Checking shape of datasets. We expect a test dataset to have one column less.

In [None]:
train_shape = train.shape
test_shape = test.shape
print("Train dataset has {} rows and {} columns.".format(train_shape[0], train_shape[1]))
print("Test dataset has {} rows and {} columns.".format(test_shape[0], test_shape[1]))

Checking shapes of our datasets reveals that number of column is correct and that a test dataset has over 1/3 rows more. The next sep is to check if we have any duplicates.

In [None]:
if sum(train.duplicated()) == 0:
    print("There are no duplicates in a train dataset.")
else:
    print("There are {} duplicates in a train dataset.".format(sum(train.duplicated())))
    
if sum(train.duplicated()) == 0:
    print("There are no duplicates in a test dataset.")
else:
    print("There are {} duplicates in a test dataset.".format(sum(train.duplicated())))

Everything looks fine so far - no duplicates. In the next step number of missing values will be checked.

In [None]:
train_pct_nans = round(train.isnull().sum()/train_shape[0]*100,2).to_frame().sort_values(by=[0], ascending=False)
test_pct_nans = round(test.isnull().sum()/test_shape[0]*100,2).to_frame().sort_values(by=[0], ascending=False)
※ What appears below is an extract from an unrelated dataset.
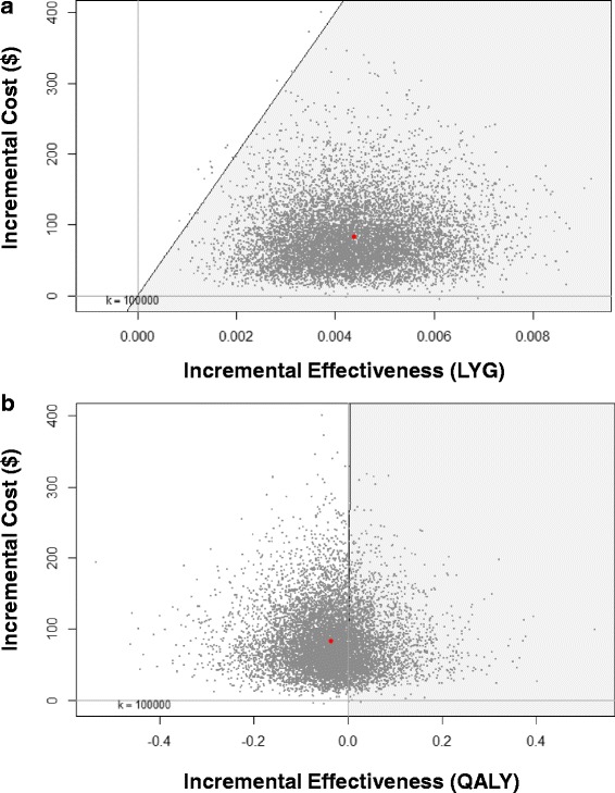Results: Incremental cost (screened vs. unscreened) was $82.17 per woman in the model. Incremental effectiveness was 0.004 LYG, and was equivalent to zero in terms of QALY. An ICER of $20,561/LYG was calculated, while no meaningful incremental cost-effectiveness ratio (ICER) could be calculated for quality-adjusted survival.

pct_nans = pd.concat([train_pct_nans,test_pct_nans],axis=1, sort=False).reset_index()
pct_nans.columns = ["column","train","test"]
melted = pct_nans.melt(id_vars="column").rename(columns=str.title)
melted.head()

In [None]:
# create a bar chart
sns.set_style("darkgrid")
plt.figure(figsize=(20,8))
sns.barplot(x="Column", y="Value", hue="Variable", data=melted)

plt.axhline(10, ls="--")
plt.xticks(rotation=90, fontsize=13)
plt.title("Percentage of missing values", fontsize=13)
plt.ylabel("Missing values [%]", fontsize=13)
plt.show()

Both datasets have similar percentage of missing values in each column. From them only 3 columns have this value above 10%. These are: 
* "belong_to_collection"
* "homepage"
* "tagline"

Now I will concatenate datasets into into one to control seaborn plots easier and not to write everytime a separate code for test and train datasets. 

In [None]:
train["src"] = "train"
test["src"] = "test"
all_data = pd.concat([train,test], sort=False)
all_data.head(3)

## 1 - Exploratory Data Analysis [^](#0) <a id="1"></a> <br>
Initial data preparation. I will look into release date, budget, runtime, revenue and some more variables.  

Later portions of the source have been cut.